Australia had two attempts to get it right, and the first, under Prime Minister John Howard, and coinciding with the dying days of his administration, was abandoned when Labor decided to introduce history as part of a complete national curriculum package, with history being taught and learnt from Foundation to Y10. Howard had wanted national history to be taught in detail to all school students but only at the senior stage of school. His purpose was clear: to seek to define a nationally-unifying narrative with some awareness of outside influences (like the Enlightenment) and of inclusion issues. His list of milestones had been perceived by teacher educators like Tony Taylor to be too long, too detailed and thus impractical, with some esoteric inclusions that reflected his personal interest in cricket. Taylor insisted that the curriculum be teachable, doable and sustainable.
Nevertheless even the Left (in this debate Tony Taylor must be counted as being in the Centre, not the Left) cannot criticise the sincerity of Howard's motivation for wanting there to be more history in schools - a mood-change emerging after the 2002 Bali Bombings and the 2005 'Skips and Lebs' Cronulla riots between young Australians of Anglo-Celtic and Lebanese origin. His way of approaching it ultimately did not work, but lessons were drawn from the first 'experiment' which proved useful to the Kevin Rudd Labor Government (taken over by Julia Gillard in July 2010).

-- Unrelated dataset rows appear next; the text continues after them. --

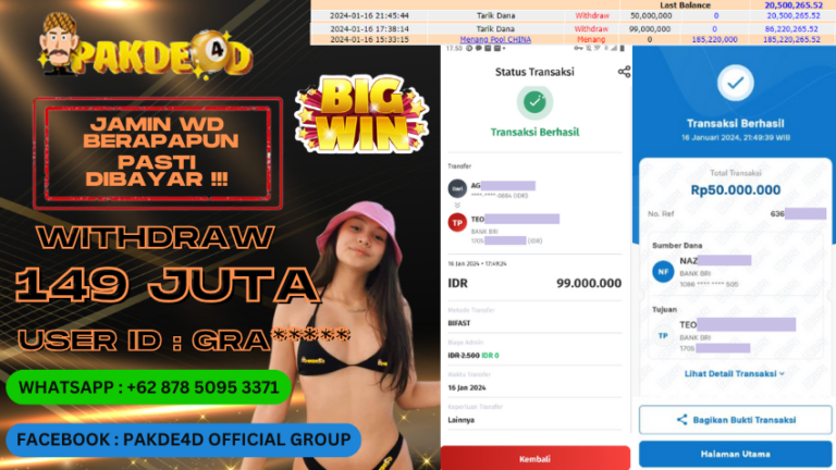 PAKDE4D JACKPOT DI PERMAINAN TOGEL PASARAN CHINA POOLS JP RP. 185.220.000 WD RP. 149.000.000 LUNAS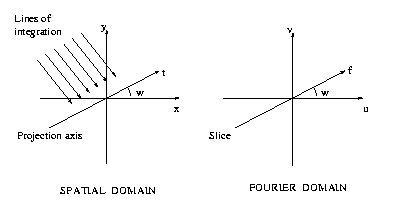 The reconstruction of f(x,y) from our set of projections is based on the Fourier Slice Theorem. This theorem describes the idea that the 2-D Fourier transform of f(x,y) can be found from the set of 1-D Fourier transforms of our projections, g(s, phi). As we have discussed all semester in Elec 301, the simple Fourier transform of our projections, which we will denote as G(phi, w), is as follows: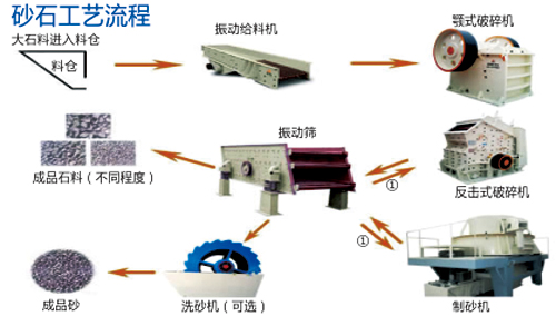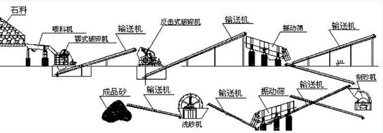 制砂生產(chǎn)線在工作過(guò)程中,大塊石料經(jīng)料倉(cāng)由振動(dòng)給料機(jī)均勻地送進(jìn)顎式破碎機(jī)進(jìn)行粗碎,粗碎后的石料由膠帶輸送機(jī)送入圓錐破碎機(jī)(或反擊式破碎機(jī))進(jìn)行中碎,中碎后的石料由膠帶輸送機(jī)送進(jìn)振動(dòng)篩進(jìn)行篩分,成品砂子(篩下物)由膠帶輸送機(jī)送至洗砂機(jī)清洗后再通過(guò)膠帶輸送機(jī)送至成品料堆;大顆粒石料(篩上物)由膠帶輸送機(jī)送至立式?jīng)_擊破碎機(jī)(制砂機(jī))進(jìn)行細(xì)碎,細(xì)碎后的石料由膠帶輸送機(jī)再次送進(jìn)振動(dòng)篩進(jìn)行篩分,這樣形成閉路多次循環(huán)。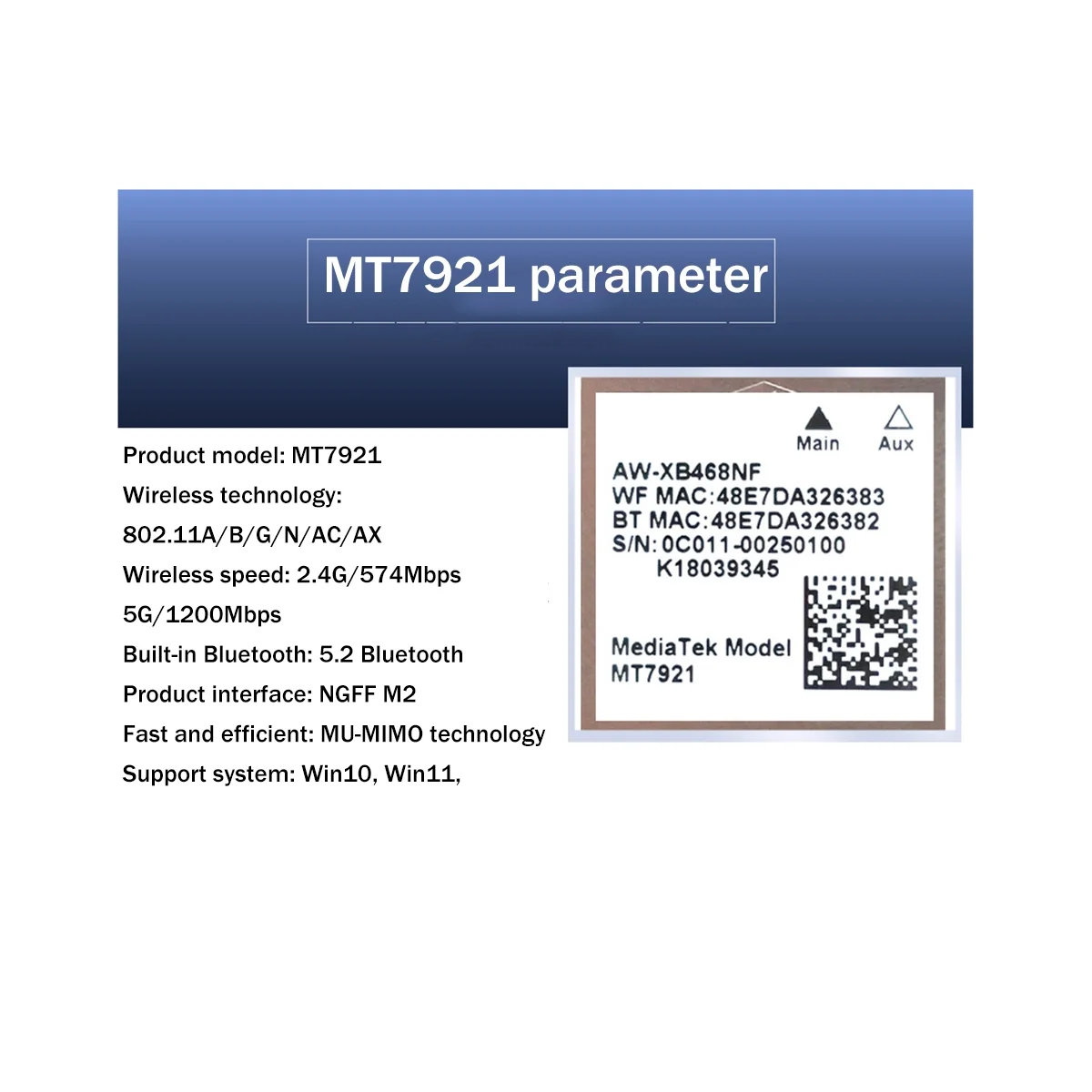 Comprar Tarjeta de red Gigabit MT7921, WIFI6, 2,4G, 5G, ordenador de escritorio, portátil, tarjeta de red inalámbrica integrada con antena integrada
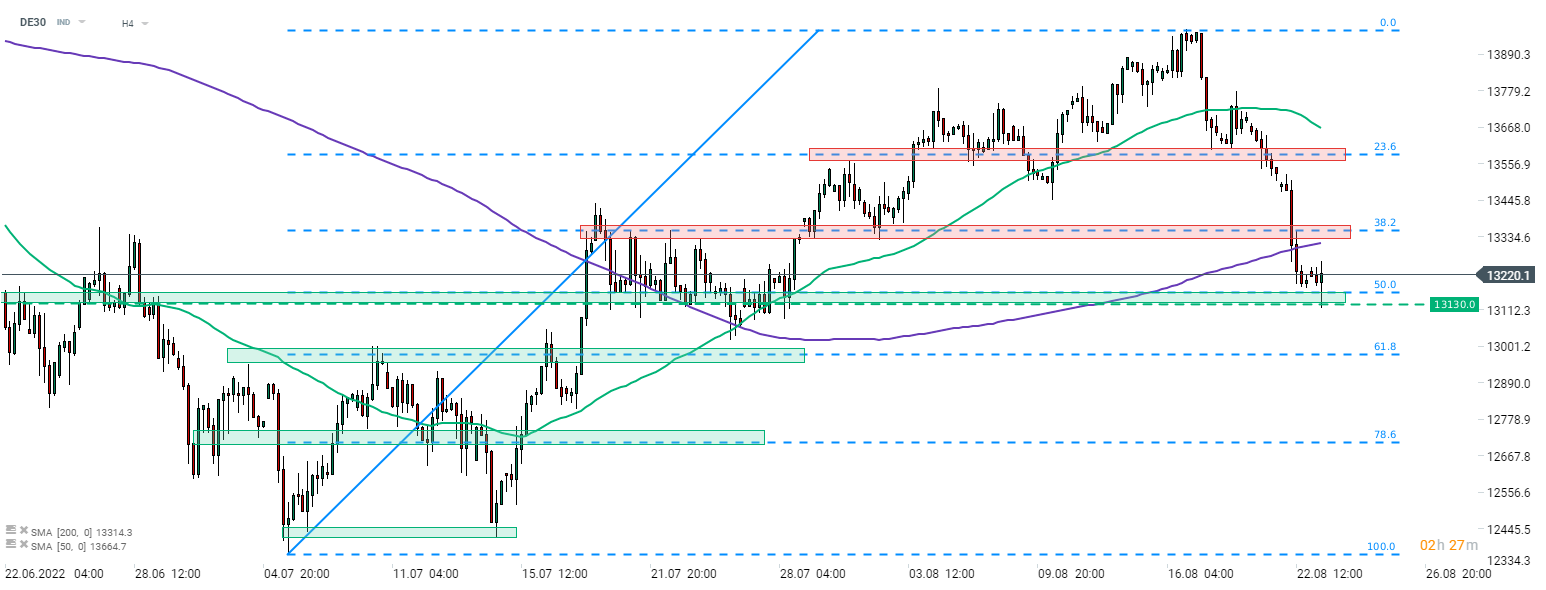 Le DE30 a réussi à effacer la baisse précédente et se négocie maintenant à la hausse ce jour. Les indices PMI ont légèrement fait remonter l'indice, mais l'ampleur des mouvements était plutôt insignifiante. L'indice essaie de rester au-dessus de la zone de support allant au-dessus de la barre des 13 130 pts. Source : xStation5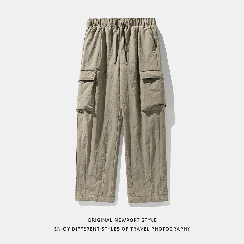 青少年户外加绒裤子男冬加厚羽绒裤登山保暖防风机能裤日系工装裤

What is being described is a process of negotiation, for the sake of school students, between two polarised sets of narratives, or in another sense between a narrative (the supremacy of Western democracy with an affirmation of Enlightenment values) and a counter-narrative (post-modern, post-colonial interpretations of settlement and unsettlement, drawing on counter-Enlightenment narratives). It took the insight - perhaps even genius - of a member of the August 2006 History Summit, John Hirst of La Trobe University, to demonstrate how milestones could be transformed by the use of questions - for example:
How did a convict society change into a free society?
What were the relations between Aborigines and settlers?
Why did Australia become so prosperous?
What were the relations between men and women?
What were the plans and dreams for Australian society?
In The Shortest History of Europe Hirst showed his mastery of compressed narrative with a keen eye for irony. His other work on Australia juxtaposes 'colonial' and 'democracy', hinting that these are not necessarily mutually exclusive.
But this was only a start. The other decisions that led to the 8 December 2010 history curriculum were equally crucial. Australian history would not be nationalistic, the nation would be contextualised regionally and globally. Ancient history would be a part of the Foundation (Early Years) to Year 10 course, but it would include the early history of Aboriginal and Torres Strait Islander peoples as well as opportunities to examine the ancient histories of both European and non-European societies. Medieval (in the sense of post-ancient) history would be a compulsory element but would similarly not be exclusively European. There would be a double chance to study Australian history at both primary and secondary stages, in the spirit of an introduction followed by a more in-depth study. This is a spiralled, not a linear, chronological model.
There would be overviews for ancient, medieval and modern, and after those several choices or studies in-depth. The significance of the East both as a neighbour and as an economic factor, was recognised, as ACARA's Rationale states:
It also helps students to appreciate Australia's distinctive path of social, economic and political development, its position in the Asia-Pacific region, and its global interrelationships. This knowledge and understanding is essential for informed and active participation in Australia's diverse society.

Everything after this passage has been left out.